Reihan Salam points today to an interesting paper written a couple of years ago. The question at hand is: how do we get more low-income students to go to college? Part of the answer is to get more low-income students to apply to college. And the first step to accomplishing that is for them to take either the SAT or ACT college entrance exams.
About a decade ago several states changed the way these exams worked. Instead of requiring students to pay up-front for them and then show up on a weekend to take the test, they prepaid for every student to take the test and then administered it during school hours. In Michigan, this resulted in nearly every high-school student taking the ACT. So how many kids who otherwise wouldn’t have taken the ACT ended up scoring as college-ready? Joshua Hyman applied a bit of arithmetic to the before-and-after results and came up with this:
Hyman uses a score of 20 as the cutoff for college-ready. The area under the blue line is the number of test-takers who scored 20 or higher. The area under the green line is the number of students who otherwise wouldn’t have bothered with the test but ended up scoring 20 or higher when they did. The green area is almost half the size of the blue area. These are all students who qualified for college but never would have known it.

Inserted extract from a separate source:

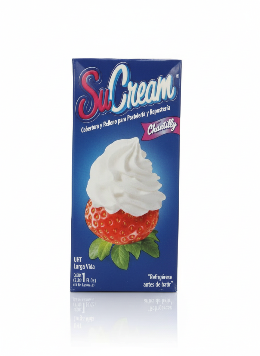 La Chantilly Sucream es una crema batida vegetal UHT de alto desempeño, ideal para profesionales que buscan un resultado consistente y de gran calidad. Esta crema está pre-endulzada y lista para batir, ofreciendo un excelente volumen y una blancura intensa perfecta para el arte de la repostería. Su principal ventaja es su máxima estabilidad, que permite que las decoraciones se mantengan firmes por más tiempo, siendo perfecta para la cobertura, el relleno y el decorado de tortas, postres helados y bebidas gourmet.IngredientesAgua, aceite vegetal de palmiste hidrogenado, azúcar, proteína de leche, emulsificantes, estabilizantes, saborizantes y colorantes.

This means that among low-income students, the supply of college-ready grads increased nearly 50 percent simply by having everyone take the college entrance exam. The bottom line, it turns out, is that there are plenty of good students among the poor who never take the ACT because (a) college just hasn’t occurred to either them or their high-school counselor or (b) even the small cost of taking the exam is a barrier to trying.
ACT (or SAT) for all seems like a pretty efficient, low-cost way of ensuring that, at the very least, everyone who is college-ready is identified as college-ready. It’s a good start to getting more low-income students into college.